## Task objective
Exactly the lines from the one with "Cette douceur, le" through the end of the data below must be set down, and no pictures with them.

## Excerpted data
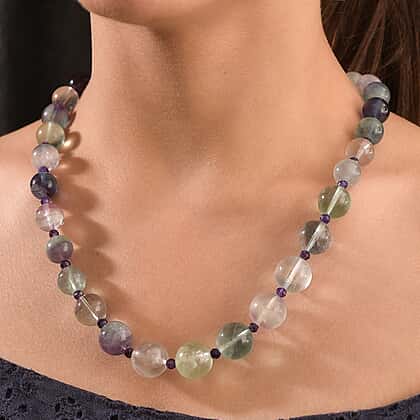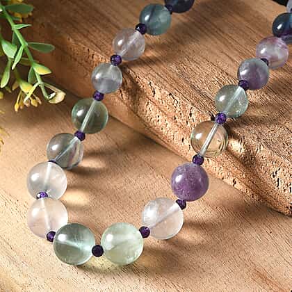 Multi Fluorite & African Amethyst Necklace (Size - 20-1 Ext) with Senorita Clasp (APPROX. 600 Cts)
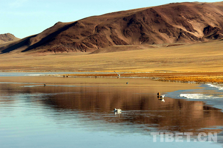 盡管是盛夏時節(jié),風過之處仍感覺到肌膚生涼。色林錯湖水中有許多飛禽。我幻想,如果把這個湖搬到盛夏的北京,該讓多少人欣喜若狂??!
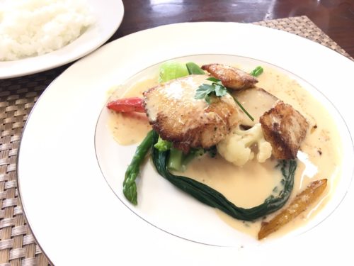 この日のお魚料理は、カレイのムニエル。ソースは生クリームと味噌を合せたもので、クリーミーでコクがあります。付け合わせの野菜もカリフラワーにアスパラ、パプリカ、スナップエンドウなど盛りだくさんで、地元の野菜を多めに使って、野菜不足を解消できるように考えられているとのこと。
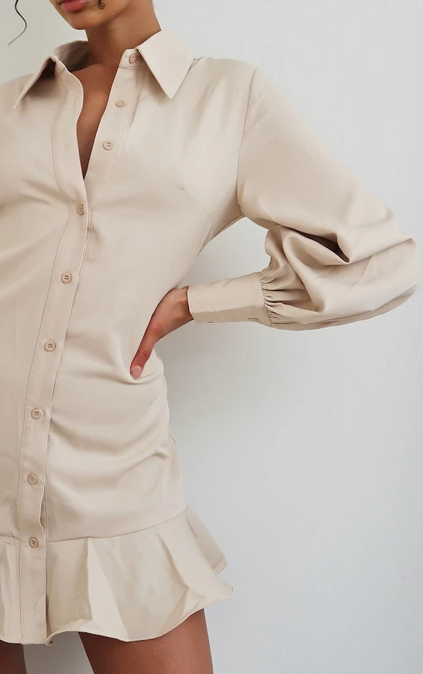 Cette douceur, le gris pierre! Sur cette robe chemise aux volants rétro et au mood minimal, c’est parfait pour les fans de look nude. On enfile des talons et go!
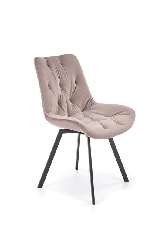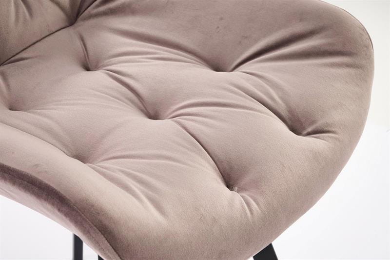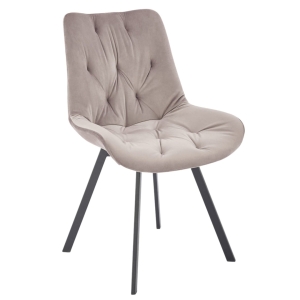 Tapicerowane miękkim welurowym materiałem, w modnym beżowym kolorze, krzesło prezentuje się stylowo i ponadczasowo. Czarne, metalowe nogi wprowadzają nowoczesny kontrast, a ergonomiczne wyprofilowanie oparcia dba o wygodę podczas siedzenia.
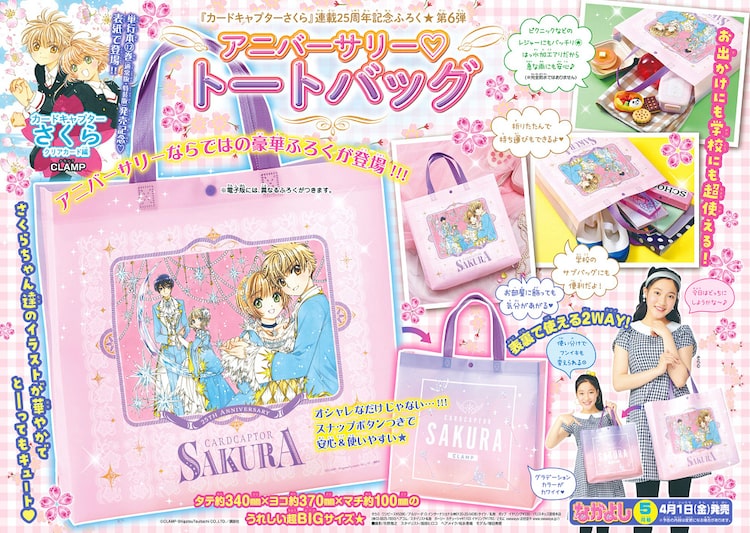 CLAMP「カードキャプターさくら クリアカード編」の付録「アニバーサリー・トートバッグ」が、本日4月1日発売のなかよし5月号(講談社)に付属した。
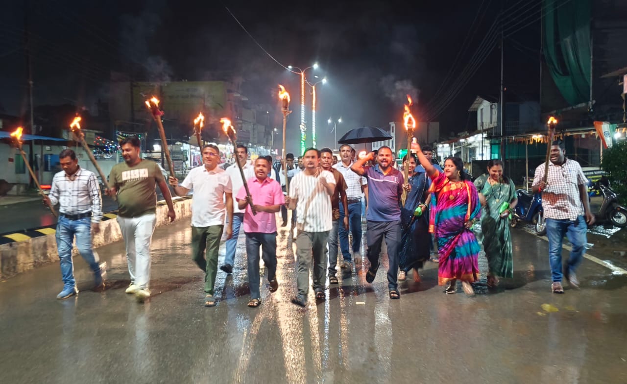 जनादेश के अपमान के खिलाफ बीजापुर में कांग्रेस ने निकाला मशाल जुलूस
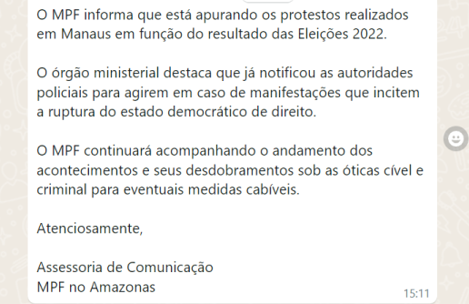 Em nota, o MPF informou que está apurando os protestos em Manaus. O órgão ministerial destacou que já notificou as autoridades policiais para agirem em caso de manifestações que incitem a ruptura do estado democrático de direito e que vai continuar acompanhando os acontecimentos e seus desdobramentos.
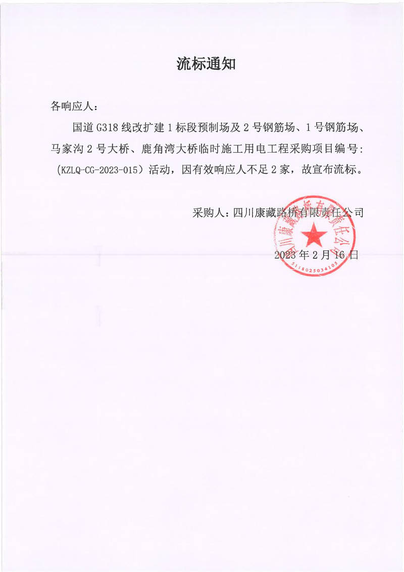 四川康藏路橋有限責(zé)任公司國道G318線改擴(kuò)建1標(biāo)段預(yù)制場及2號(hào)鋼筋場、1號(hào)鋼筋場、馬家溝2號(hào)大橋、鹿角灣大橋臨時(shí)施工用電工程采購項(xiàng)目流標(biāo)通知
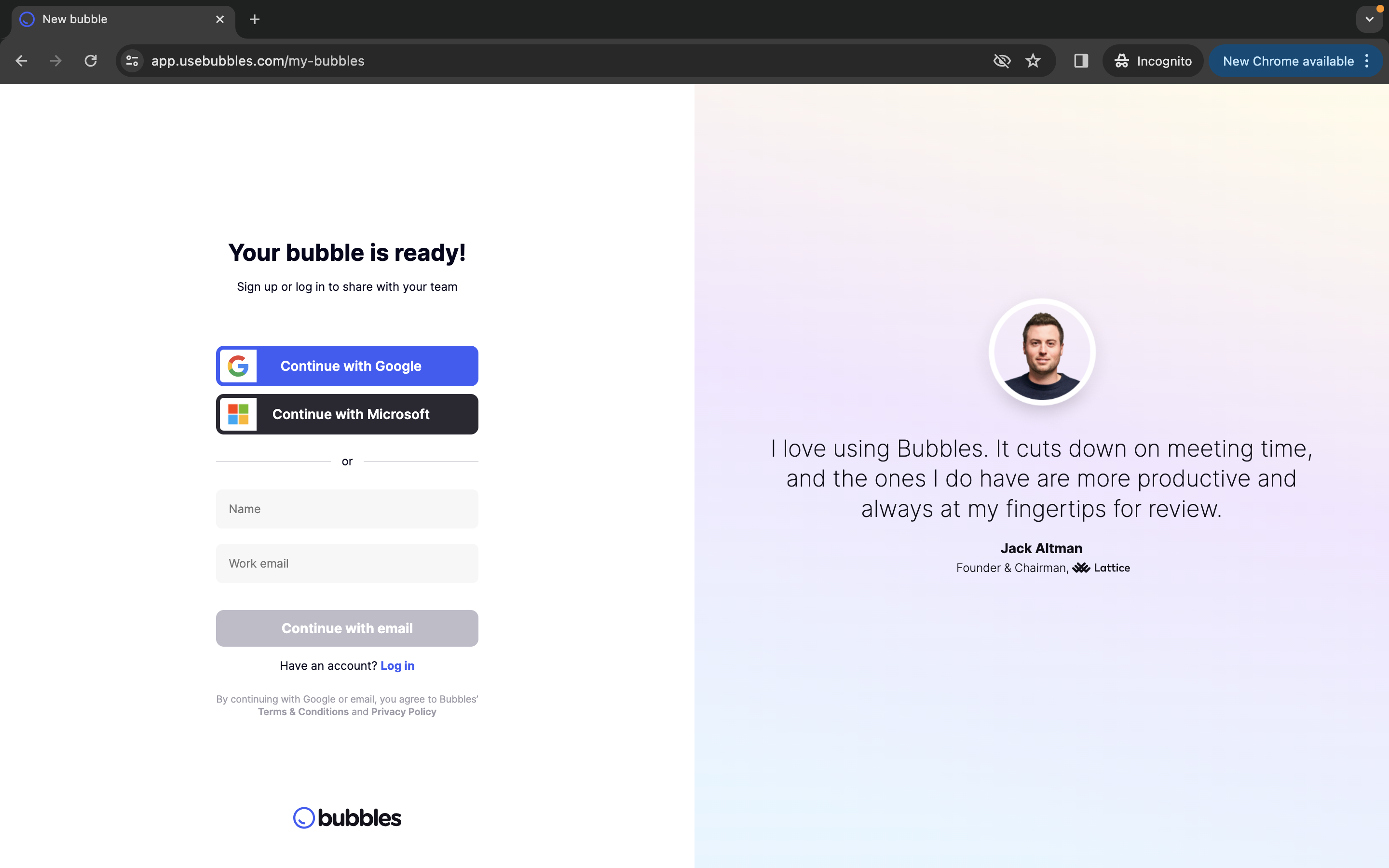 Une fois que vous mettez fin à l’enregistrement, vous êtes automatiquement redirigé vers cette étape. Comme mentionné plus tôt, Bubbles ne nécessite ni téléchargement ni installation, et pour obtenir votre enregistrement vidéo, il vous suffit de vous inscrire avec votre nom et votre adresse e‑mail professionnelle, ou simplement de continuer avec Google ou Microsoft pour donner instantanément un nouvel élan à votre vie collaborative.

## Exercise response
 Cette douceur, le gris pierre! Sur cette robe chemise aux volants rétro et au mood minimal, c’est parfait pour les fans de look nude. On enfile des talons et go!
 Tapicerowane miękkim welurowym materiałem, w modnym beżowym kolorze, krzesło prezentuje się stylowo i ponadczasowo. Czarne, metalowe nogi wprowadzają nowoczesny kontrast, a ergonomiczne wyprofilowanie oparcia dba o wygodę podczas siedzenia.
 CLAMP「カードキャプターさくら クリアカード編」の付録「アニバーサリー・トートバッグ」が、本日4月1日発売のなかよし5月号(講談社)に付属した。
 जनादेश के अपमान के खिलाफ बीजापुर में कांग्रेस ने निकाला मशाल जुलूस
 Em nota, o MPF informou que está apurando os protestos em Manaus. O órgão ministerial destacou que já notificou as autoridades policiais para agirem em caso de manifestações que incitem a ruptura do estado democrático de direito e que vai continuar acompanhando os acontecimentos e seus desdobramentos.
 四川康藏路橋有限責(zé)任公司國道G318線改擴(kuò)建1標(biāo)段預(yù)制場及2號(hào)鋼筋場、1號(hào)鋼筋場、馬家溝2號(hào)大橋、鹿角灣大橋臨時(shí)施工用電工程采購項(xiàng)目流標(biāo)通知
 Une fois que vous mettez fin à l’enregistrement, vous êtes automatiquement redirigé vers cette étape. Comme mentionné plus tôt, Bubbles ne nécessite ni téléchargement ni installation, et pour obtenir votre enregistrement vidéo, il vous suffit de vous inscrire avec votre nom et votre adresse e‑mail professionnelle, ou simplement de continuer avec Google ou Microsoft pour donner instantanément un nouvel élan à votre vie collaborative.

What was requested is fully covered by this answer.